Friday the Coastside Film Society features films about black power, flower power,  and paranoia. The films will be shown Friday Oct 8, 2004 at 8:00 pm in Community Methodist Sanctuary in Half Moon Bay. Admission is $6.00 per person

The main feature is MOVE. Woven out of interviews and archival material, the movie looks closely at the issues surrounding black identity, separatist living, political racism, and police brutality. The filmmakers plan to be at this screening.

MOVE was a loosely-knit, mostly African American group whose members all adopted the surname Africa, advocated a "back-to-nature" lifestyle and preached against technology. In 1985, members of the group began broadcasting profane anti-government messages via loudspeaker over the rooftops of their middle class neighborhood in an effort to free nine members who had been convicted of killing a police officer.

MOVE’s neighbors complained of constant harassment, that the stench of human and animal feces was overwhelming the neighborhood, and that MOVE members frequently brandished weapons.

One morning in 1985 police tried to serve arrest warrants for four MOVE members, reporting they were met with gunfire. They fired back, touching off a 90-minute gun battle.  By the end of the day, the police resorted to using explosives in an attempt to remove a fortified bunker on the MOVE rooftop and started a fire that burned an entire city block to the ground. That fire destroyed 61 row houses, and left 250 people homeless. Of the 11 people killed in the fire, five were children.

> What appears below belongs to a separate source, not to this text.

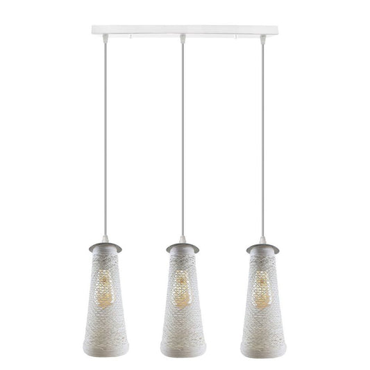 3 Head Rectangle Base Handmade White Woven Twine Shade Ceiling Pendant Light Shade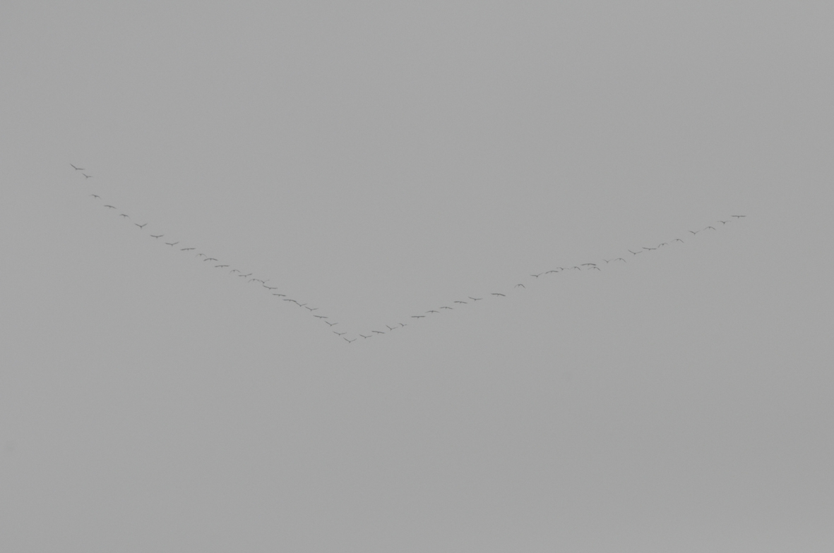 Ahir i avui han passat moltes grues per les valls pirinenques. Ahir s’estima que algun miler va passar per l’Alt Urgell, segons diversos informants, i avui mínim de 300 per l’Alta Ribagorça. Avui també, prop de Noves de Segre, n’he vist i sentit un bon estol. Comptant la composició fotogràfica de sota me n’han sortit 328. Quina meravella!

There will also be two shorts.

CIA + LSD = things are out of hand—Shot in the style of a 50s documentary meant to scare kids straight the movie provides a history of the CIA s investigations of LSD as a tool for national defense.

Norah is "Listener #684448"—a civil servant in a futuristic, oppressive regime where thought and emotion are regulated by "protocol".  She dutifully records the secrets and suppressed longings of the collective psyche of the city, until a "Talker" reveals a plot and Norah is forced to make a decision. Mahri Holt is a locally-based (Oakland) film maker who recently graduated from SF State Grad school.  She will be at the screening to discuss her film.